As with that other great imagined community, Religion, devotion to the nation needs to be supported and sustained by the belief that all the members share common bonds. The selection and promotion of what are deemed to be common bonds is what might be referred to as the invention of the nation. People have rallied to the cause of nationalism under a variety of banners; shared territory, religion, ethnicity, history and also shared language. In some cases one or other of these elements are deemed to be prerequisite to membership of the nation, while others can be seen as reinforcing the common bond. Looking at Ireland and Norway, it will be seen that in neither case was the national language a prerequisite to membership of the nation, as in both cases it had been supplanted by the language of the dominant neighbour state. Nor was the national language required to provide a common means of communicating the message of nationalism, for that need was already met by English and Danish, respectively. In both countries however, language did prove to be a potent force in the process of inventing the nation and language was used as a political tool to propel the Irish and Norwegian states to independence. Examining how the process differed in the two countries will reveal how nationalism takes different forms, placing greater or lesser emphasis on differing elements of invention from one country to the next. More interestingly, examination reveals parallels in how nationalism was experienced in the two countries.
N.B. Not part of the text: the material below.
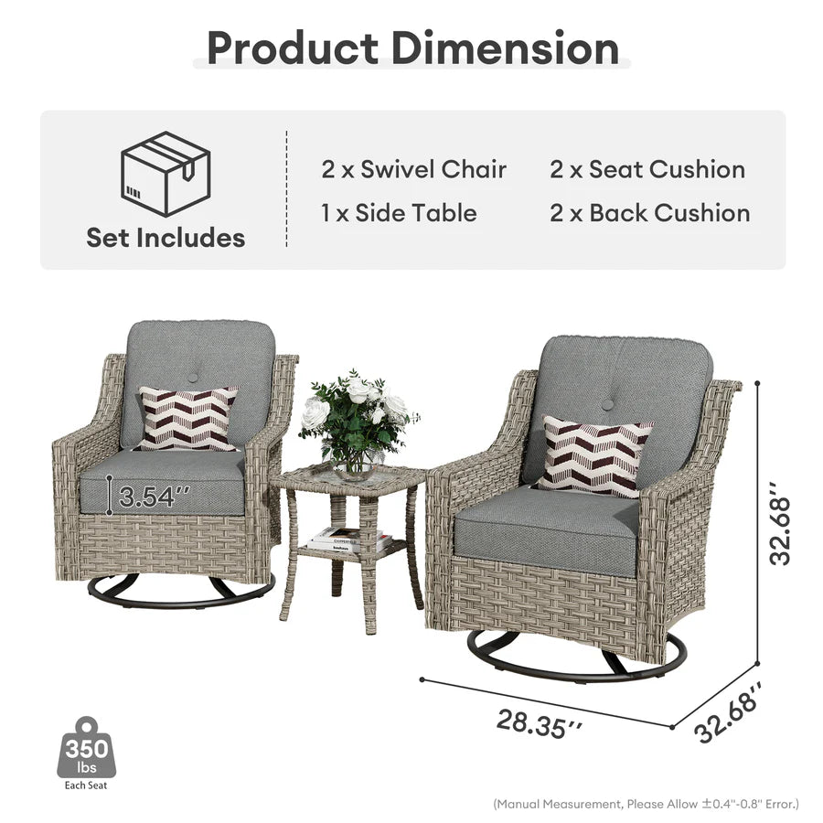 Conversation Set 3-Piece PAD Series,Swivel Chair

It will be seen that the tenets of cultural nationalism were acquired from the same source and if the application of these tenets differed, it would appear that cultural nationalism evolved similarly in both countries, with the politicisation of the language question having as much to do with competition for power as with striving for essential Irish or Norwegian identity. If the nation is the imagined community, it might be argued that nationalism came to be the art of getting people to imagine it your way. Looking at language post independence is also illuminating. In both countries a paradoxical situation is revealed whereby the struggle, which purported to be defining the essence of nationality, a national language to bind the citizens of the nation together, provided instead a focal point for division that has continued to the present day.
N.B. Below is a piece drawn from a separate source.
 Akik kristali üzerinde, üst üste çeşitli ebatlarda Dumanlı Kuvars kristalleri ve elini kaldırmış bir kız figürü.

In Germany, the ideas of Herder and Fichte inspired a sense of national self-esteem, which began to develop there in the years following the French occupation of the early nineteenth century. This growing sense of German national identity focused heavily on common bonds of language. Herder wrote that“without its own language, a Volk is an absurdity, a contradiction in terms”. That German nationalism looked to language is not altogether surprising as it was possibly the only common denominator in an otherwise fractured assemblage of states. From Germany this language centred cultural nationalism spread through Europe and, while language may have been central to inventing the German nation, it also made inroads in countries such as Ireland where the national language was the minority language and in Norway where no trace of it remained. Among its adherents, romantic nationalism was an emotive and powerful force. The nation was seen as primordial and from a glorious past its history was seen as unfolding over the centuries in a teleological progression towards renewed greatness. The past was trawled for myths and sagas and a glorious and heroic past was invented for the nation with its own language providing an unbroken link to that past. Romantic, heroic, and glorious, this nationalism appealed to poets and patriots and was the stuff that would inspire people to fight and die for their idealised country. It was not, however, going to take that direction until it came to the centre of the political stage. The extent to which the language issue became politicised in Norway and Ireland varied in both timing and intensity but it may be argued that in both instances it was tied to the development of party politics and a move to a more exclusive brand of nationalism.